(SUPPLIED MATERIAL Opens)
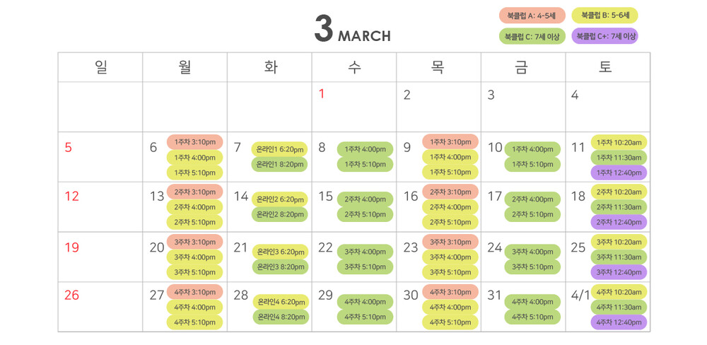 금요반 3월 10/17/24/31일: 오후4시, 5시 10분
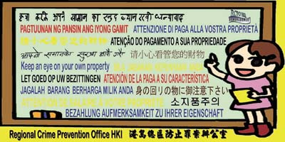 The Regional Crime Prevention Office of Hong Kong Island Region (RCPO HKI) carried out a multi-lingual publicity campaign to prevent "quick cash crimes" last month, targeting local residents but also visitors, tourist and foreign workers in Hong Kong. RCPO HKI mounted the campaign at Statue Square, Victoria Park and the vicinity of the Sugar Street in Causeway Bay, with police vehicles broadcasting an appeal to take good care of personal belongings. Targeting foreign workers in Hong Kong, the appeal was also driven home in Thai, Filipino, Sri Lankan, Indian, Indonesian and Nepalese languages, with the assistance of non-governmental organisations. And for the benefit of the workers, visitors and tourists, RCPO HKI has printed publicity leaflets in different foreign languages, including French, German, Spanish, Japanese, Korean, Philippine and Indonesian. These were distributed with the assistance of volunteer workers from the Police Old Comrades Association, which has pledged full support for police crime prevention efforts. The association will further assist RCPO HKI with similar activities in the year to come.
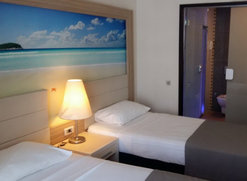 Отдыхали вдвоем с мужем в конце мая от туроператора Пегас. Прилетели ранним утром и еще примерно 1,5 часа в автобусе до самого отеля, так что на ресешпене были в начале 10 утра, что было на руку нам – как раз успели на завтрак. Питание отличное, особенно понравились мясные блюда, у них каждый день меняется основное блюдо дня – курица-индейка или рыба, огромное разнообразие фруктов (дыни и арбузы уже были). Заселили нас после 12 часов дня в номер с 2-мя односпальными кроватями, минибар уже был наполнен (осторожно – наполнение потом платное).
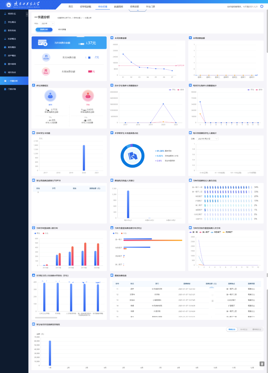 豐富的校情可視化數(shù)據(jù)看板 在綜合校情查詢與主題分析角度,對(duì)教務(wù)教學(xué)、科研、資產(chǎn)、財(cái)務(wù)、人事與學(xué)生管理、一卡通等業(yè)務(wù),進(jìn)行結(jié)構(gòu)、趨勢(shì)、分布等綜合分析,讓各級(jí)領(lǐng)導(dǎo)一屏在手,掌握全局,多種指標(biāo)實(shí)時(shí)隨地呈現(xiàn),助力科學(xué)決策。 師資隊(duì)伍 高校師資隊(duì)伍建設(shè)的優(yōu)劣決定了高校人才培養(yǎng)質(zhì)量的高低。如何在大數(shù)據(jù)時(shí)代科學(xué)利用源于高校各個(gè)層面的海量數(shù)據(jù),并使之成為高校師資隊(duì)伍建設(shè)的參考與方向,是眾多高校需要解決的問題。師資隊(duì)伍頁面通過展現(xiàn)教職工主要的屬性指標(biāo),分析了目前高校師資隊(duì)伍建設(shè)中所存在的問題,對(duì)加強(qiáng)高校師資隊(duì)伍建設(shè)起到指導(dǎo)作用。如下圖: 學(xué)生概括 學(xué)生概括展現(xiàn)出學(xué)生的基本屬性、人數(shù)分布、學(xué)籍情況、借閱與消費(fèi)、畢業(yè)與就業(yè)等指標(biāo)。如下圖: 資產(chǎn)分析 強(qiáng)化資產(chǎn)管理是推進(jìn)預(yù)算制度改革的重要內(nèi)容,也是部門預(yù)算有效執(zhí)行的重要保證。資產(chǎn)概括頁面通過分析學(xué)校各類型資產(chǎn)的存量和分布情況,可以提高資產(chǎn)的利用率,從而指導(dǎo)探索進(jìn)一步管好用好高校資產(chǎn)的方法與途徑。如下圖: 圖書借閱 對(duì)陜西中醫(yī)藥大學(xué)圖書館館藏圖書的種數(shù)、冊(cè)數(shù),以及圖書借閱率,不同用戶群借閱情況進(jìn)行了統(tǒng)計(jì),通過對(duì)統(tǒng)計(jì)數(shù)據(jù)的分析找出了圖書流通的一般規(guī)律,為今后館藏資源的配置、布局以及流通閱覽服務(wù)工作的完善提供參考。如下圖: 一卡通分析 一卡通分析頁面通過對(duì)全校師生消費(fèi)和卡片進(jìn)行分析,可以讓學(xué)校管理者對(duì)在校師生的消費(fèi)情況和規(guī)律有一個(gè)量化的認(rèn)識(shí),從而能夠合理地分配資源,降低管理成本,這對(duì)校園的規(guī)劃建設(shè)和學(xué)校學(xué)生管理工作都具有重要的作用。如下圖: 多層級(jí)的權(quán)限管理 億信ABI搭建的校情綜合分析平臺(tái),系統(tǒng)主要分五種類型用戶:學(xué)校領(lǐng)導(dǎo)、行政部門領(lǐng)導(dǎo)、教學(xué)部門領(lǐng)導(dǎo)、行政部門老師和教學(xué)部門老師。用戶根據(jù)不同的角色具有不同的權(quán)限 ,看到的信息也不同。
(SUPPLIED MATERIAL Closes)
(SUPPLIED MATERIAL Opens)
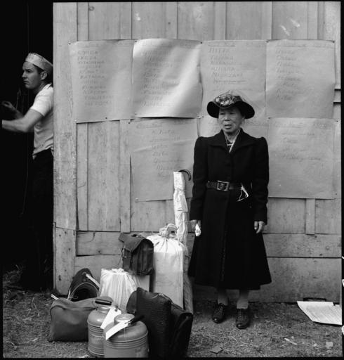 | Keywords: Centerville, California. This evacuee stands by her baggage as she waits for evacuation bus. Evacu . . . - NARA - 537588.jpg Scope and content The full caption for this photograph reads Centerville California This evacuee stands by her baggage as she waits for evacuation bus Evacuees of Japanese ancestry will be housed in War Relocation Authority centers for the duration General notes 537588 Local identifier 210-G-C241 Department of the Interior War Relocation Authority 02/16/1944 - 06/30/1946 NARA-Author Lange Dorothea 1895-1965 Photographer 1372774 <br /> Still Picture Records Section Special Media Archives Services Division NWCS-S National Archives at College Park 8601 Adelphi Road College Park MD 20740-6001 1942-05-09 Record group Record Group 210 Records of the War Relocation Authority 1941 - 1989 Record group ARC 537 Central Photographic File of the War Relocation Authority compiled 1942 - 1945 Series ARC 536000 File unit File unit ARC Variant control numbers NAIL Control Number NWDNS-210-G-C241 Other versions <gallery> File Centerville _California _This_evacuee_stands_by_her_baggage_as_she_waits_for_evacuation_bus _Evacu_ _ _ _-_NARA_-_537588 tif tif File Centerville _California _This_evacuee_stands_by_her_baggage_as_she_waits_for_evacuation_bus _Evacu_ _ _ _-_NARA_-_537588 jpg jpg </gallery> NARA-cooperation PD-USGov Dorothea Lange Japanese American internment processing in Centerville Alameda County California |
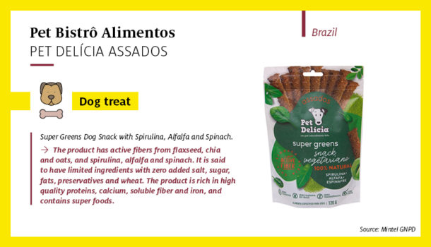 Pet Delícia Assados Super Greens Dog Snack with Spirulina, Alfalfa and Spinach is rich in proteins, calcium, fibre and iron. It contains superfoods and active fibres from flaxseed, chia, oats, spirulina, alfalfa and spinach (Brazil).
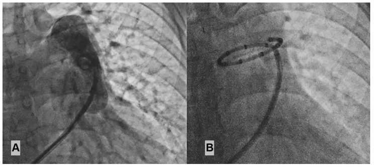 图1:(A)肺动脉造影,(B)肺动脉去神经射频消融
(SUPPLIED MATERIAL Closes)
DESCRIPTION OF THE TASK: Return, exactly as they stand, the lines above from the one with "Pet Delícia Assados" to the one with "图1:(A)肺动脉造影,(B)肺动脉去神经射频消融", omitting any pictures among them.

REPLY TO THE TASK:
 Pet Delícia Assados Super Greens Dog Snack with Spirulina, Alfalfa and Spinach is rich in proteins, calcium, fibre and iron. It contains superfoods and active fibres from flaxseed, chia, oats, spirulina, alfalfa and spinach (Brazil).
 图1:(A)肺动脉造影,(B)肺动脉去神经射频消融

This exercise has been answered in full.